Gut-brain axis in the neurological comorbidity of COVID-19

Jiezhong Chen 1,, Luis Vitetta 1,2
PMCID: PMC8195160  PMID: 34169281

Severe COVID-19, characterized by a cytokine storm and lymphopenia, has led to increased levels of mortality due to multiple organ failure.1 Brain-associated comorbidity with an increased mortality rate develops in approximate one-third of COVID-19 patients.2,3 Thus, further central nervous system considerations and improvement of COVID-19 neurological comorbidity could reduce the mortality rate that ensues with COVID-19. A cytokine storm has been recognized to be a major characteristic of COVID-19 neurological comorbidity through cerebrospinal fluid analyses.4,5 In the review article by Meier et al.6 the emphasis was directed at the importance of the brain cytokine storm in neurodegeneration and cognition, which caused the large loss of labour force productivity. However, how the brain cytokine storm is shaped by COVID-19 infections that is reflected in neurological comorbidity pathophysiological processes, still has to be elucidated. We posit that the involvement of the gut-brain axis in the brain cytokine storm in COVID-19 neurological comorbidity is a significant determinant of COVID-19 severity and is of therapeutic implications.

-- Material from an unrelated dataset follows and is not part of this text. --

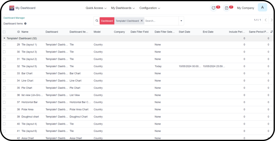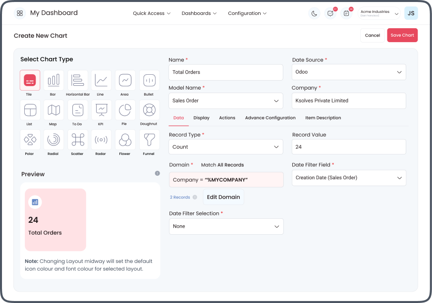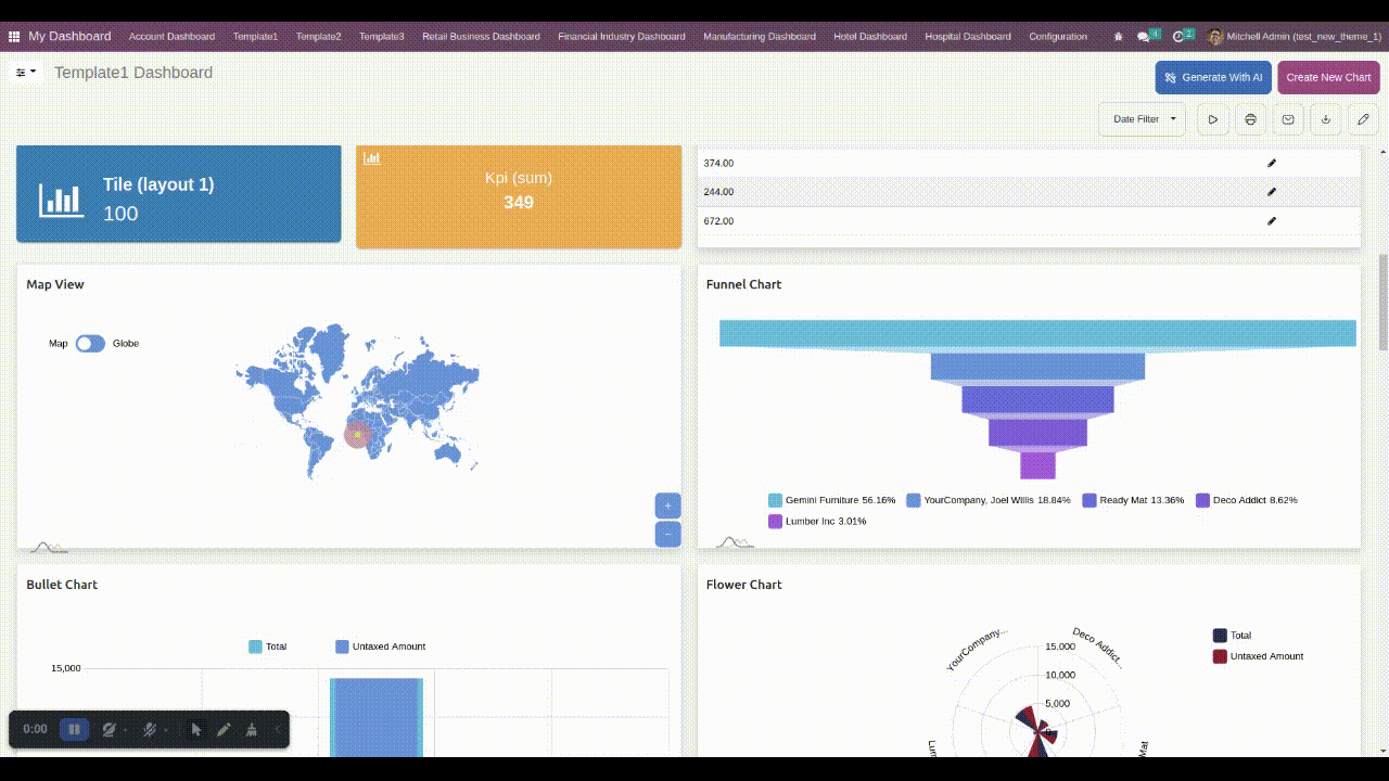 Supports 17 impressive Odoo dashboard item types for easy business data interpretation. (Tiles, Line Chart, List View, Bar Chart, Horizontal Bar Chart, Area Chart, To-do Item, Polar Area Chart, Pie Chart, Doughnut Charts, Flower Chart, Funnel Chart, Radial Chart, Radar Chart, Scatter Chart, Bullet Chart & Map view)

The intestinal microbiota presents a complex structure that develops throughout life presenting trillions of commensal bacteria that exert multiple beneficial effects on the human host.7 Dysregulation of the gut microbiota (gut dysbiosis) is associated with metabolic disease in various organs through bidirectional interactions such as happens with the gut-brain axis.1 Gut dysbiosis alters the inflammatory tone of the gut that leads to chronic inflammation with decreased anti-inflammatory mechanisms. These effects result from reduced abundance and adverse shifts in the diversity of the commensal bacterial cohort with subsequent decreases in beneficial metabolites namely, butyrate, bile acid derivatives and tryptophan.1 The gut-brain axis has been often reported involved in neurological disorders8,9 and thus the intestinal dysbiosis could be incorporated into the narrative of neurological manifestations of COVID-19. The patients with COVID-19 neurological comorbidity are characterized as those with advanced age, hypertension, renal failure, and neoplastic diseases.2 All these risk factors are involved with gut dysbiosis. Therefore, gut dysbiosis could be a major contributing factor in the formation of the cytokine storm in the brain. Furthermore, the systemic inflammation from other organs infected by SARS-CoV-2 also contributes to the formation of the cytokine storm in the brain.1 A study showed that the mortality is highest in those COVID-19 patients with both neurological and other major organ manifestations, followed by those with neurological manifestations only and then by those with no systemic manifestations.2

In addition, gut dysbiosis could also involve in the local vascular abnormality to cause fatal thrombosis. The local vascular inflammation is not only caused by SARS-CoV-2 infection but also accelerated by gut dysbiosis-caused systemic inflammation and decreased anti-inflammatory mechanisms.1 The local vascular infections from SARS-CoV-2 could be important for the formation of hyperinflammation in the brain. Multiple routes have been described for SARS-CoV-2 entry into the brain including trans-synaptic transfer across infected neurons, entry via the olfactory nerve, infection of vascular endothelia and leukocyte migrations across the blood-brain barrier.10 Importantly, the virus has a high affinity for vascular endothelial cells due to the high expression of ACE2 in these cells. The virus-induced damage to endothelial cells together with systemic inflammatory aspects promotes the formation of vascular thrombosis, causing serious adjacent pathophysiological changes. Therefore, even if there is no viral entry into the cerebrospinal fluid, the virus could contribute to the brain cytokine storm through vascular thrombosis-caused insults. It is understandable that the most common risk factor for neurological comorbidity is pre-existing cerebrovascular diseases, accounting for 39% of these patients.2 Gut dysbiosis can lead to increased gut permeability to allow translocation of endotoxins and bacteria to the circulation and extra-intestinal organs. It results in increased systemic inflammation, accelerating vascular thrombosis.1

On the other hand, brain pathological changes could further increase gut dysbiosis. It has been well demonstrated that the gut-brain axis has bidirectional effects.9 Gut dysbiosis can cause neurological inflammation while psychological disorders also result in intestinal diseases. Indeed, COVID-19 infections could cause these patients stress, anxiety and depression. These psychological distresses can further increase gut dysbiosis and inflammation. This could accelerate the impact on neurological comorbidity to form a feed-forward loop. Studies have shown that psychological distresses could promote mast cells to secret pro-inflammatory cytokines such as IL-6 and TNF-alpha through corticotropin-releasing hormone.1 Therefore, inflammation is a key link between the gut and brain.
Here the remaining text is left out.